* **INSTRUCTIONS TO FOLLOW**
Only one stretch of the data below is needed. Output the lines from the one with "La 6ta versión" up to and including the one with "Achamos que o", exactly as they stand.

* **PROVIDED INFORMATION**
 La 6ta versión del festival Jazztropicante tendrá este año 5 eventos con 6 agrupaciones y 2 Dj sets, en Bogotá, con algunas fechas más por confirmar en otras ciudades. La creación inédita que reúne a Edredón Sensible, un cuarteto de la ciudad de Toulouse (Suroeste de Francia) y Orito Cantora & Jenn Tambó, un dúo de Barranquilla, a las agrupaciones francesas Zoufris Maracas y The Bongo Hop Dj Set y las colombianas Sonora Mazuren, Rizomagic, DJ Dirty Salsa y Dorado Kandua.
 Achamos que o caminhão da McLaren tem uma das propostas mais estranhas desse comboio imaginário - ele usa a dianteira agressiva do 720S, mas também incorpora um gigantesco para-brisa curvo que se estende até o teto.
...
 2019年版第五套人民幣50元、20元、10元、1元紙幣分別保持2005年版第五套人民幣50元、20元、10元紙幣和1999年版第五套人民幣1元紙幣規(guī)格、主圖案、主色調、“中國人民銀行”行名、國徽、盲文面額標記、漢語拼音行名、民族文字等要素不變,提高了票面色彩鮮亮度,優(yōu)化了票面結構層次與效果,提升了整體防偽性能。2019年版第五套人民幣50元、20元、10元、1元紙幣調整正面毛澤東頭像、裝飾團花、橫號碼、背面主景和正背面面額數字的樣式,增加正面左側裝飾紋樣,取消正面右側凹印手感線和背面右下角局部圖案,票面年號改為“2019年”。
* * *
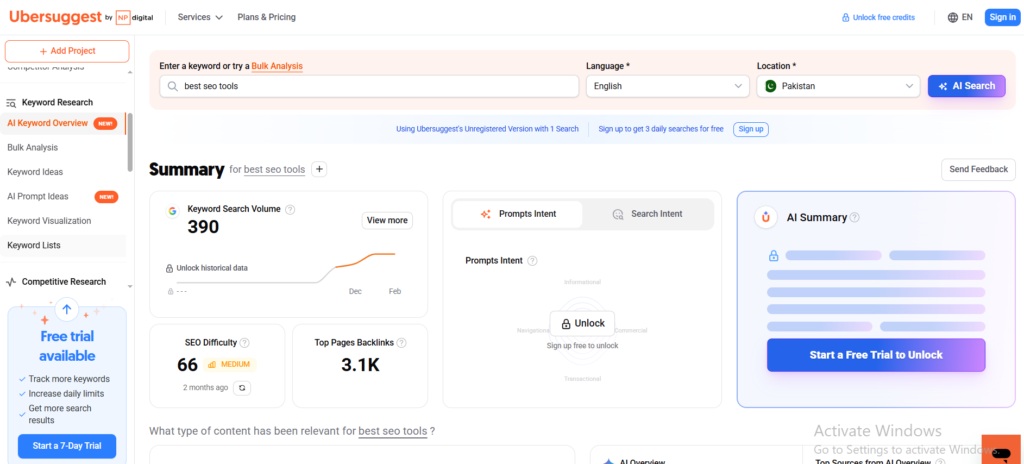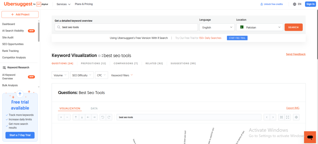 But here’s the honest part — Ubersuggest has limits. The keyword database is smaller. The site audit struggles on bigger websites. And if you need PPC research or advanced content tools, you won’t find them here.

* **TASK RESULT**
 La 6ta versión del festival Jazztropicante tendrá este año 5 eventos con 6 agrupaciones y 2 Dj sets, en Bogotá, con algunas fechas más por confirmar en otras ciudades. La creación inédita que reúne a Edredón Sensible, un cuarteto de la ciudad de Toulouse (Suroeste de Francia) y Orito Cantora & Jenn Tambó, un dúo de Barranquilla, a las agrupaciones francesas Zoufris Maracas y The Bongo Hop Dj Set y las colombianas Sonora Mazuren, Rizomagic, DJ Dirty Salsa y Dorado Kandua.
 Achamos que o caminhão da McLaren tem uma das propostas mais estranhas desse comboio imaginário - ele usa a dianteira agressiva do 720S, mas também incorpora um gigantesco para-brisa curvo que se estende até o teto.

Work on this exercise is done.